TO DO
Using the data below, reproduce exactly the lines from the line with "The search will" to the line with "料理はコースで、伝統的中華料", both included; pictures must be dropped.

THE DATA
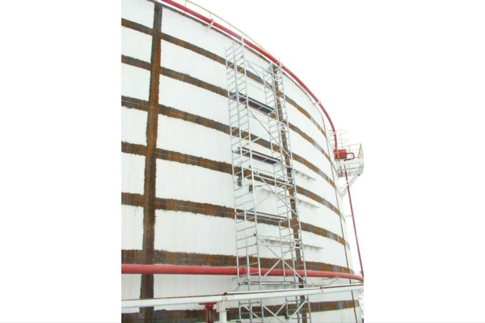 Вышка модульная алюминиевая MEGAL ВМА 900/19 используется при выполнении работ внутри резервуаров и емкостей. Габариты всех деталей не превышают 450мм, что позволяет пропустить их через технический лаз и провести сборку внутри резервуара. Вышка собирается из узких двухметровых и метровых вертикальных рам. Рамы фиксируются крепежными скобами и крепежом для стыкования рам. Безопасный подъем обеспечивается за счет использования нескользящих рифленых перекладин в рамах. Используются диагональные и горизонтальные связи (стяжки). Сборка производится без инструментов за счет наличия замкового крепления элементов. Верхний рабочий настил размером 2,0 х 0,9м с люком (составной). Промежуточные настилы размером 2,0 х 0,45м. Монтируется на усиленном основании из двойной траверсы с поворотными колесами, со стопорами. Используется надежная фиксация к стенкам резервуара за счет магнитных крепежей, которые не портят поверхность. Вышка имеет легкий вес за счет использования алюминиевых сплавов. Высокая грузоподъемность обеспечивается за счет использования труб и профилей со стенкой не менее 2,5мм. Компенсация неровной поверхности возможна за счет регулирования вышек по высоте с помощью винтовых домкратов.
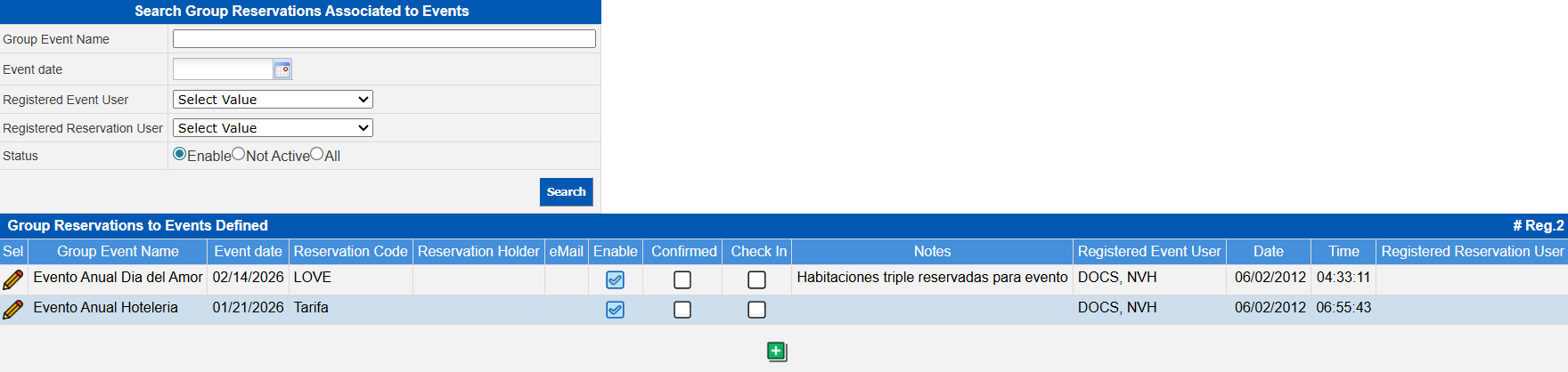 The search will be performed with the data entered (they are not mandatory fields so they can be all or some of them) and the information will be displayed in the window of Group Reservations to Events Defined
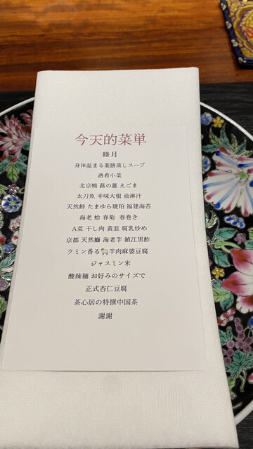 料理はコースで、伝統的中華料理というよりも、中華テイストに、いろいろな素材が使われていて、実に多彩な料理で、新しい味の発見、素材の組み合わせの妙味も味わえて、大変おいしく、また楽しいです。
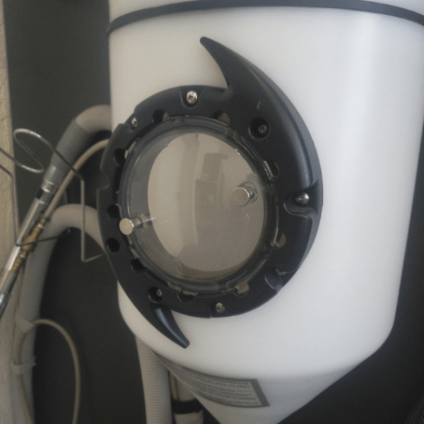 В процессе уборки из системы водопровода в агрегат автоматически подается вода. Пыль, смешиваясь с водой, попадает внутрь контейнера. Через определенное время срабатывает автоматика и загрязненная вода сливается в канализацию. Агрегат оборудован дополнительным фильтром-сеткой, который предохраняет попадание крупного мусора в канализацию.

RESULT BELOW
 The search will be performed with the data entered (they are not mandatory fields so they can be all or some of them) and the information will be displayed in the window of Group Reservations to Events Defined
 料理はコースで、伝統的中華料理というよりも、中華テイストに、いろいろな素材が使われていて、実に多彩な料理で、新しい味の発見、素材の組み合わせの妙味も味わえて、大変おいしく、また楽しいです。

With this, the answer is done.